Good inventions, good intentions

The Kansas City Star, February 7, 2008

By Diane Stafford
Published: February 7, 2008

It’s probably not on your business calendar, but Feb. 11 is the birth date of Thomas Alva Edison.

It’s on Michael Gelb’s calendar.

Gelb, who thinks, writes and teaches about innovation, a few years ago wrote How to Think Like Leonardo da Vinci. More recently, he’s written Innovate Like Edison (as in the “Wizard of Menlo Park”).

You’ve probably noticed that talking about “change” and “innovation” is all the rage these days. Gelb’s been on the consulting and speaker circuit on that topic for 29 years, so he’s hardly a Johnny-come-lately to the subject.

Here’s what he’s observed over the years:

“People say they don’t have time to go to time-management seminars, that they’re too busy taking care of business to come to a ‘change’ seminar, that they’re too stressed to go to the stress-management seminar.”

Sound familiar? That’s where Edison comes in.

Edison, inventor of the electric light bulb, the phonograph, and holder of 1,093 patents, was known to grab a fishing pole at some of the busiest, most stress-filled times in his workshop and go sit at the fishing hole — with a baitless hook.

“It wasn’t about catching fish. It was about taking time to let go,” Gelb relates. “Edison knew how to manage his personal energy while dealing with incredible intensity in his surroundings.”

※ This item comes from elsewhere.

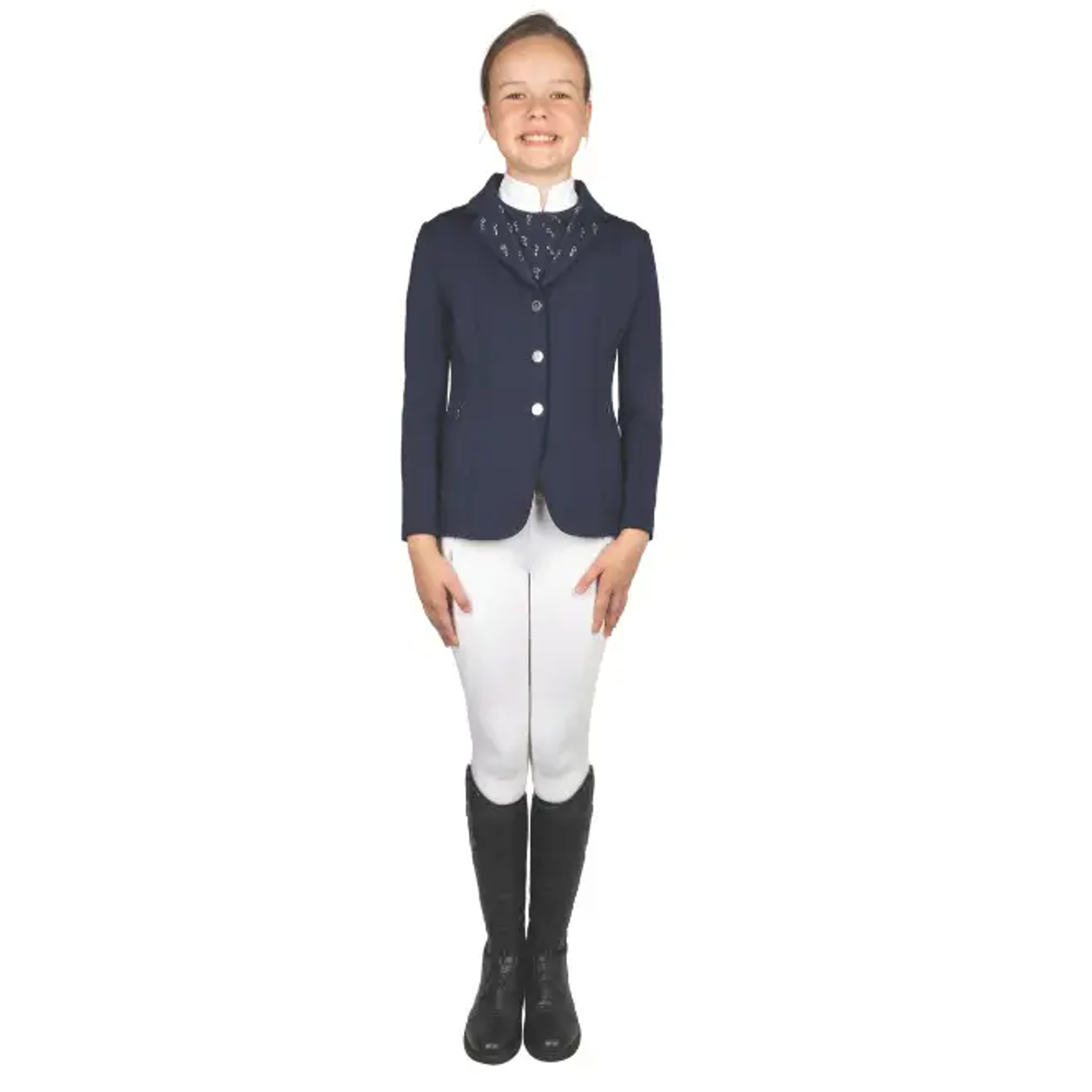 Combining classic elegance with modern performance, this beautifully tailored jacket flatters the rider’s silhouette while allowing full freedom of movement thanks to its high-performance stretch fabric. A breathable, moisture-wicking lining keeps riders cool and comfortable, while subtle diamante detailing adds a touch of sparkle for a polished competition look.

Gelb, who’s taken his message to major companies, business schools, and members of the Institute for Management Studies, believes Edison epitomizes leadership that encourages innovation.

He says that Edison:

  • Was willing to take risks and continue through multiple failures.
  • Set optimistic goals and combined that with the discipline and detailed rigor to get there.
  • Hired the right colleagues, partly by finding the right technical skills but also by hiring people with the right chemistry to fit in the environment he created. (He did this by including colleagues in interviewing prospective workers.)
  • Worked long hours but recognized the need for fun. (He was known for bringing in midnight lunches, taking song breaks, and, generally, creating an esprit de corps.)

Recognized that “if you want to innovate, you don’t pick people who all think the same.”

Gelb believes that bureaucracy and layers of management are the enemy of innovation. “That’s the reason why innovation is often more likely at smaller places,” he says.

But, Gelb says, change — the good kind — can occur at larger organizations, given the kind of innovation leadership and organizational freedoms that Edison fostered.

“You have to start with where you are, and what your resources are, then make what difference you can,” Gelb asserts. “You can’t change everything overnight. But you can understand the principles of flexibility and being open to change.”

Without that understanding, he says, American companies won’t keep the “spirit of Yankee ingenuity” that fueled Edison’s innovations.